Elliot: As long as you take full responsibility then I will indeed proceed.
Cathie: Proceed or I will clobber you.
Elliot: Michael Flood of Sprint is asking all of us to join in requesting a key rule change in E-Rate funding.
Cathie: Right now, if a student takes a computing device home and connects to the Internet to do his or her homework, E-Rate will not pay for that “home connectivity” – even if the student is connecting to the Internet, safely, through his or her school’s proxy server. The E-Rate rule is that devices must be used on campus, not off-campus.
Elliot: Michael is making the argument that even if the student is not on the physical campus, the student is on the logical campus. For all intents and purposes, the student is “on campus” since he or she is connecting to the Internet through the school’s Internet connection.
Cathie: This is a critical change in E-Rate rules. It is absolutely critical that students be allowed – encouraged, required even – to take their mobile computing devices home and use them for curricular purposes from home – or from the library, the museum, the park, the baseball diamond, the mall. Learning is 24/7 and it is definitely not confined to a school building.
Elliot: Now I will steal one of Cathie’s lines – mobile technology is the one technology that can actually help bridge the digital divide.
Cathie: If a child has a cellularly connected mobile device in his or her hand, then that child can answer whatever questions that child has. The child can get help and answers right then and then. For that poor, urban or rural child having such a connected device is an unprecedented opportunity.
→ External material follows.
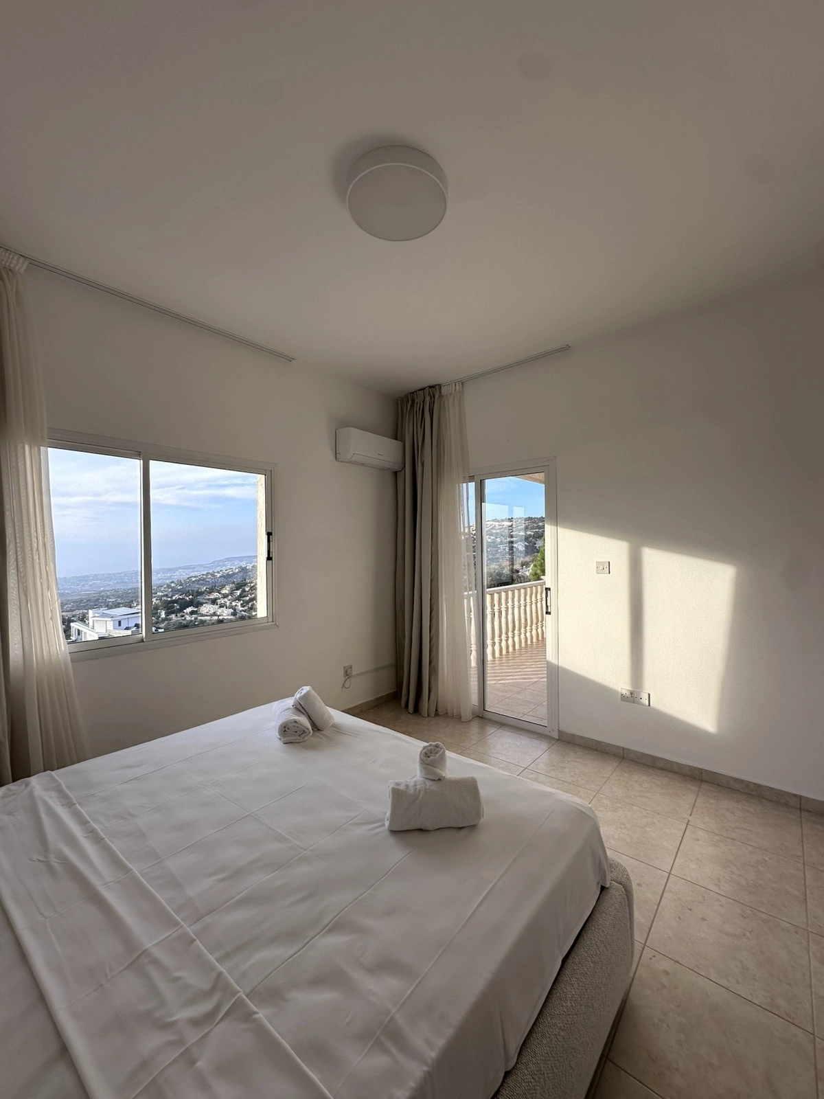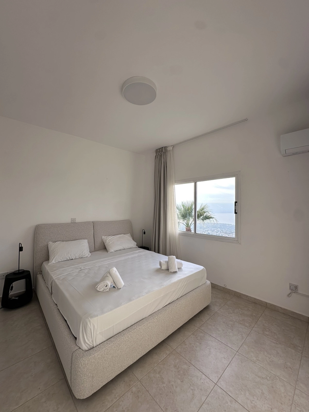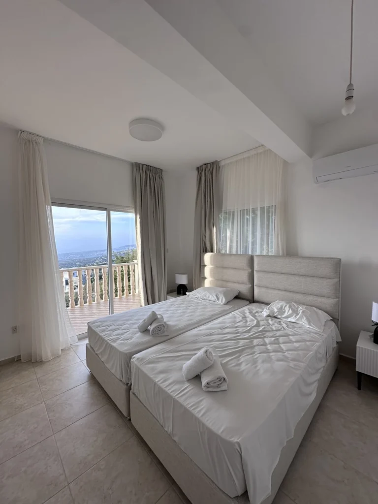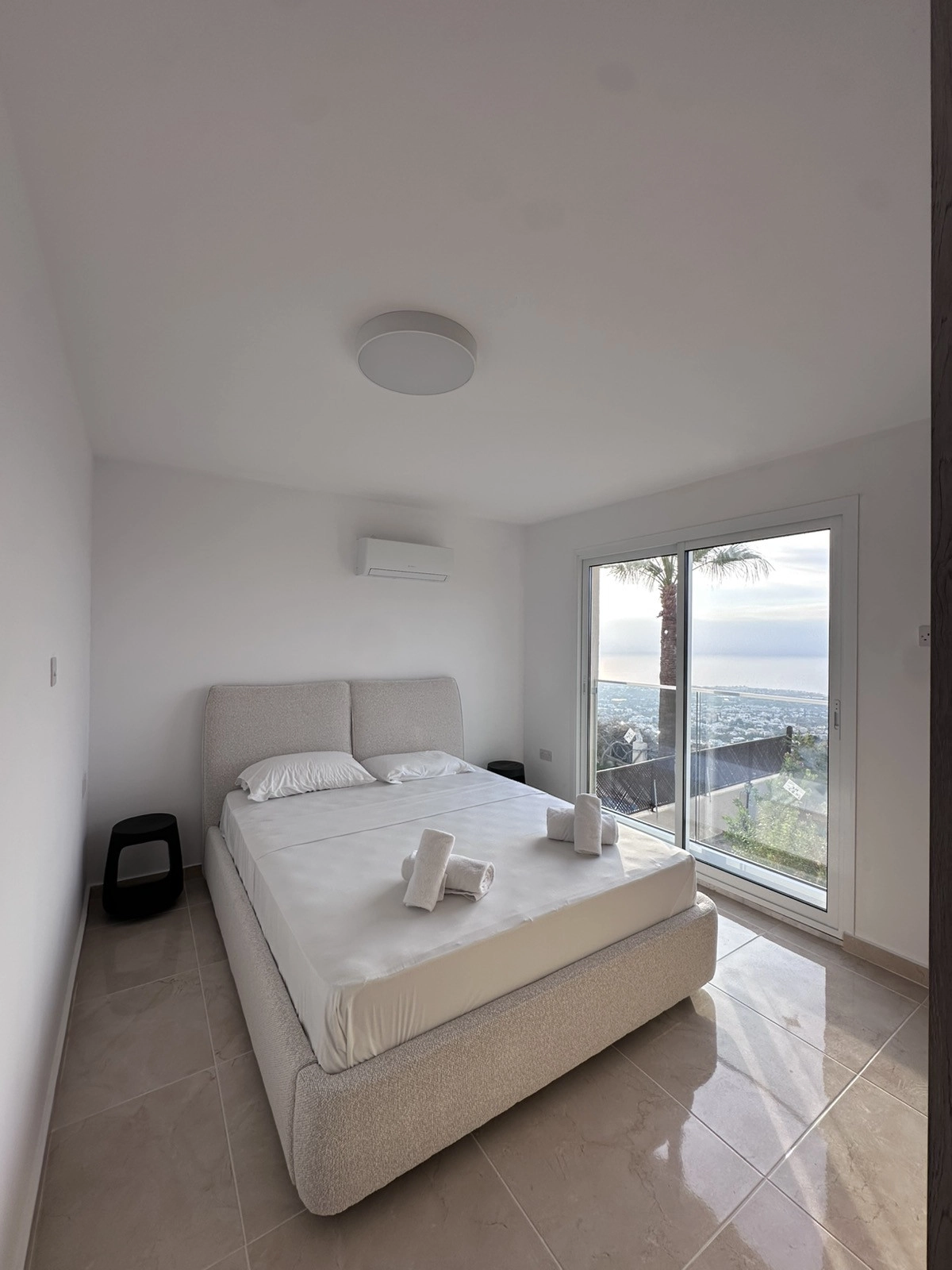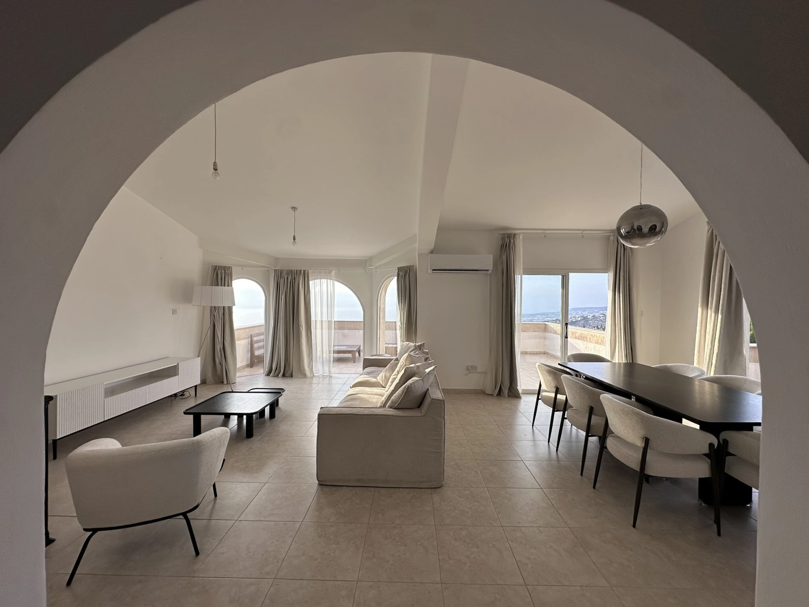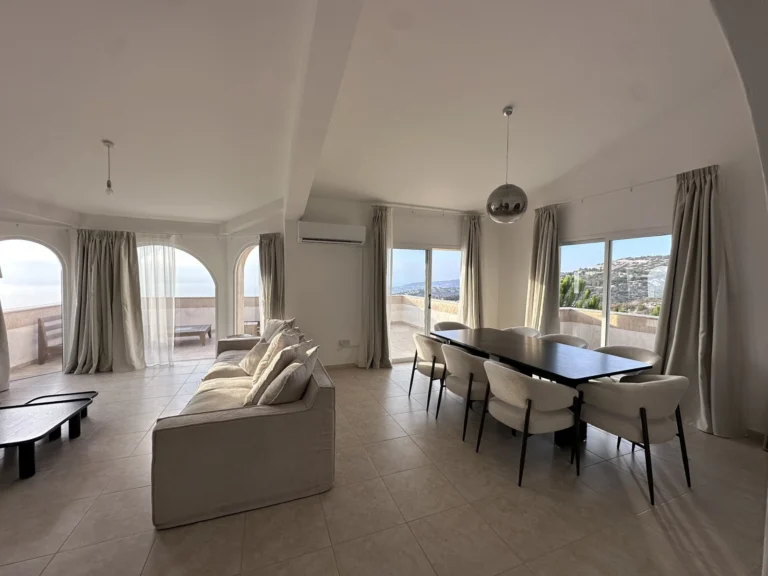 Perched on the peaks of the St. Neophytos mountains, this elegantly designed detached villa enjoys unobstructed sea views from every level, creating a serene and luxurious living environment.

The mobile connected device levels the playing field – for the first time.
Elliot: OK, Run, don’t walk and download the file with instructions on how to communicate to the FCC that it needs to change its rules and allow E-Rate to pay for mobile, networked devices that a child uses from home. Remember, the child is going to the Internet via his or her school’s filtered and safe proxy server. The telco’s can set up a link, a VPN for example, to make that connection happen; no problem.
Cathie: So, even though the child is at home using the Internet on his or her mobile device, the child is logically still on the school campus.
Elliot: Cathie, we have repeated ourselves in this blog posting.
Cathie: I know, but sometimes you have to say things twice, each time a little differently, before folks can actually hear it.
Elliot: Ahh, multiple linked representations and multiple entry points – that’s consistent with Gardner’s Theory of Multiple Intelligences.
Cathie: Say good night Gracie.
Elliot: Good night, Gracie – and download that document now now now! Please with sugar on top!!